** Aim of the task **
Please retype the listing below exactly as it stands, skipping any pictures.
--- Material provided Enclosed Below ---
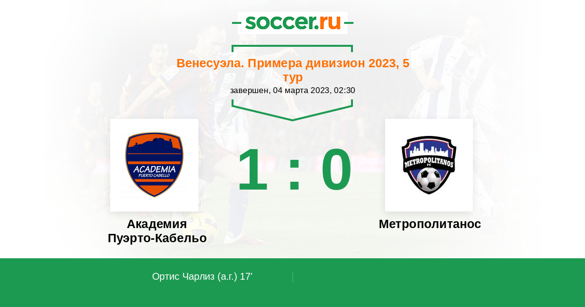 Ортис Чарлиз 1:0(А) 17’
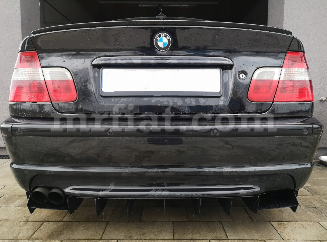 Adjustable rear diffuser for BMW E46 Coupe, Sedan and Touring with M3 rear bumper models. It is made of 3mm thick black powder coated aluminum. Gives your car a sporty look. The weight is 3.45kg. Quality product from Hamburg.
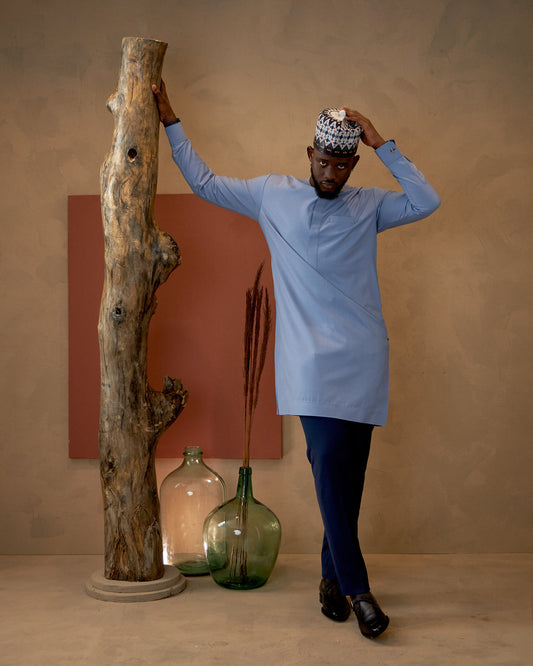 Caftán Agbada azul turquesa y pantalón Aso Oke
--- End of Enclosed Material provided ---
** Answer box **
 Ортис Чарлиз 1:0(А) 17’
 Adjustable rear diffuser for BMW E46 Coupe, Sedan and Touring with M3 rear bumper models. It is made of 3mm thick black powder coated aluminum. Gives your car a sporty look. The weight is 3.45kg. Quality product from Hamburg.
 Caftán Agbada azul turquesa y pantalón Aso Oke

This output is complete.